Cumhurbaşkanı da yekten kampanya yapacağını açıkladı. Hatta bir Erdoğan-İnönü karşıtlığı bile bekliyorum! Mantık kalmadı çünkü. İyi de siz ülkenin yönetim biçimini değiştiriyorsunuz. Bugün AKP ve Erdoğan yönetir, yarın bir seçim olur, CHP ve başındaki kişi gelir, o yönetir. Sevdiğiniz kişiye hediye vermiyorsunuz, memleketi keyfine göre yönetme yetkisi veriyorsunuz! İyi düşünün, sonra elim kırılsaydı diye ağlamayın, çok duyduk çünkü.

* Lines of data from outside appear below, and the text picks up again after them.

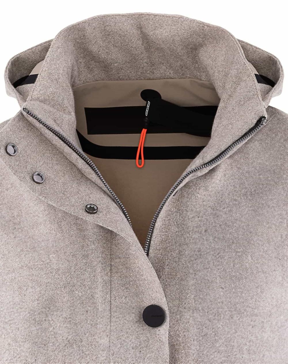 Der Damenmantel vom italienischen Label RRD kombiniert sportiven Stil mit lässiger Eleganz. Dank hochwertigster Verarbeitung bietet er nicht nur eine modische Silhouette, sondern auch funktionale Details, die optimalen Schutz und Komfort gewährleisten. Die Außenseite aus Wolle und Kaschmir begeistert mit einer feinen, glatten Haptik, während im Inneren die wasserdichte, atmungsaktive Thermo-Membran zuverlässigen Schutz bei allen Wetterlagen bietet. Die moderne Schnittführung und durchdachte Extras wie die abnehmbare Kapuze und praktische Taschen machen ihn zum idealen Alltagsbegleiter, der Funktion und Stil auf höchstem Niveau vereint.
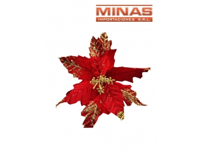 FLOR NAVIDEÑA X 22 CM, ROJO Y DORADO.
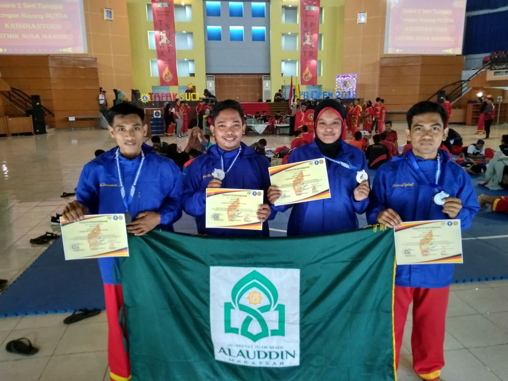 Washilah – Unit Kegiatan Mahasiswa (UKM) Tapak Suci Universitas Islam Negeri (UIN) Alauddin Makassar meraih juara di beberapa kategori pada ajang Tapak Suci IPB Open 2018 National Collage Championship, berlangsung di Graha Widya Wisuda, Institut Pertanian Bogor (IPB). Sabtu (05/05/2018)
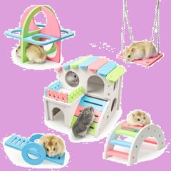 小屋 かわいい ペットスポーツ 遊び場 ブランコとPVCシーソー レインボーブリッジ ストレス解消 玩具 面白い 運動不足解消 おもちゃ 小動物用 おしゃれ ケージ ハムスター 複数カラー ハムスター ハウス (H03) 5点セット
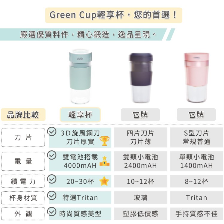 Doc Green 輕享杯 2021奧地利green Cup隨行杯 果汁機團購 時尚質感usb充電果汁機
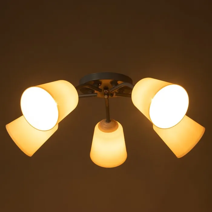 - Качественное освещение: пять ламп накаливания мощностью 15 Вт обеспечивают яркое и равномерное освещение, создавая уютную атмосферу.

Milyonlarca kadın yürüdü, biz yürümedik!

İnanılmaz bir şey oldu. 21 Ocak’ta ABD’nin başkenti Washington’da 1 milyon, bütün dünyada 10 milyon kadın sokağa çıkıp yürüdü! Ve bu kadınlar önümüzdeki 100 gün içinde tam 10 defa daha yürüyecek!

Kadınlar niçin yürüdüler? Kendilerini, yani kadını aşağılayan başta Trump olmak üzere herkese karşı; ırkçılığa, dini baskılara, cinsiyet ayrımcılığına, mültecilere, göçmenlere, işçilere haksızlığa, kafalarını bozan ne varsa herşeye karşı! Ve pek çok ünlünün yanında Madonna unutulmazdı: “Eğer Müslümanların hakları ellerinden alınırsa HEPİMİZ MÜSLÜMANIZ!” dediği için. “Hepimiz Ermeniyiz” dediğimizde anlamayanlara gelsin.

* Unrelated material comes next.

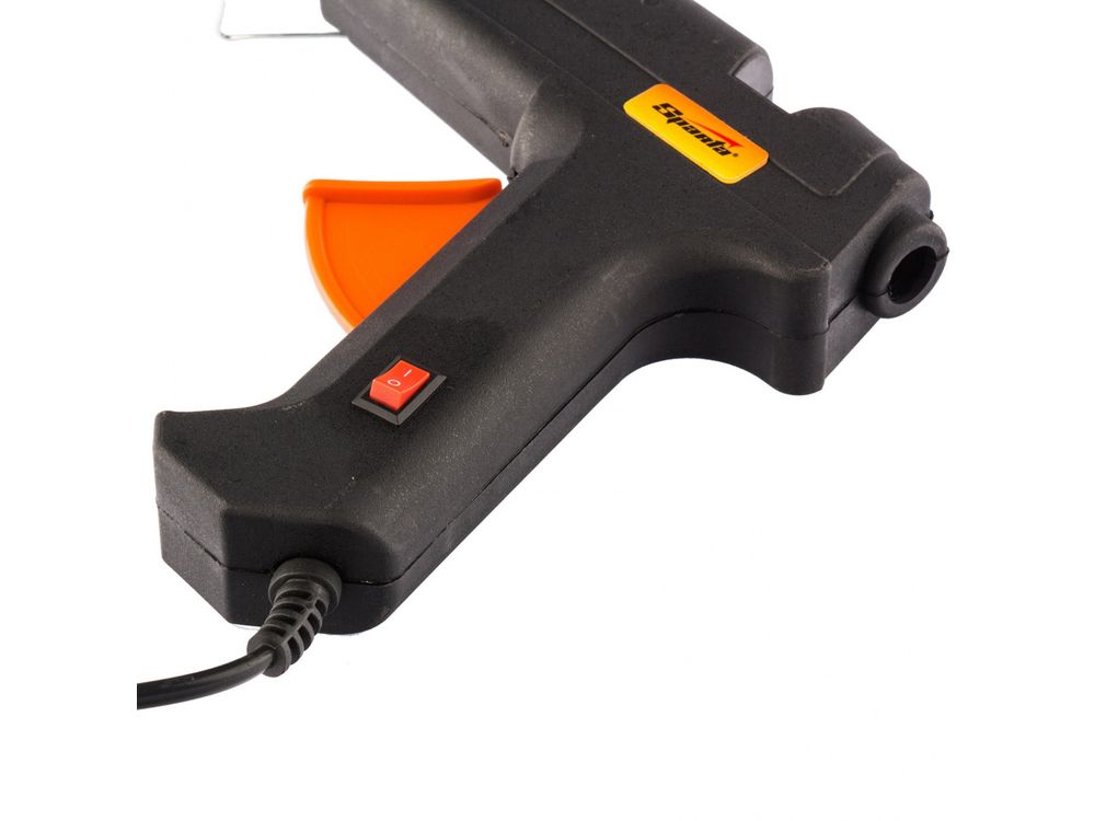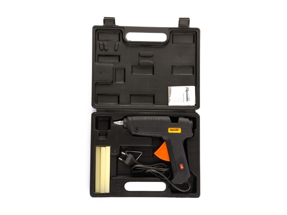 Клеевой пистолет с выключателем Sparta 93020 мощностью 80 Вт и производительностью 10 г/мин совместим со стержнями диаметром 11 мм и поставляется в кейсе. Пригодится для проведения несложных бытовых работ: склеивания бумаги, древесины, пластика и других материалов. Время нагрева до максимальной температуры не превышает 5,5 минут. Пистолет незаменим для частных мастеров, которые занимаются мелким ремонтом, упаковкой, сборкой различных моделей и рукоделием.

83 ülkede milyonlarca kadının sokaklara çıkıp KIRMIZI HALI’da yürüdüğü bu eylem Türkiye’de yapıldı mı? Nayır!!! O da bize kapak olsun! Arkadaşım Gonca Karakaş’ın sorup durduğu NEDEN’in yanıtı basit. Kadınlar Türkiye’de yürüseydi, biber gazına maruz kalırdı, su sıkılırdı, saçlarından sürüklenir, tekmelenir, göz altına alınırdı. Suudi Arabistan’da bile yürüyen kadınlara Türk kadınları katılamadı.

Bir kadın milletvekilinin videosu var, oylamanın ardından “100 yıllık vesayet ve esaret bitiyor, zincirlerimiz kırılıyor” diye. Bu da ona kapak olsun. Pasif yürüyüş öneriyorum: Yarından tezi yok, bütün kadınlar yürürken ayaklarının fotosunu çekip sosyal medyada #womensmarchturkey etiketiyle paylaşsın!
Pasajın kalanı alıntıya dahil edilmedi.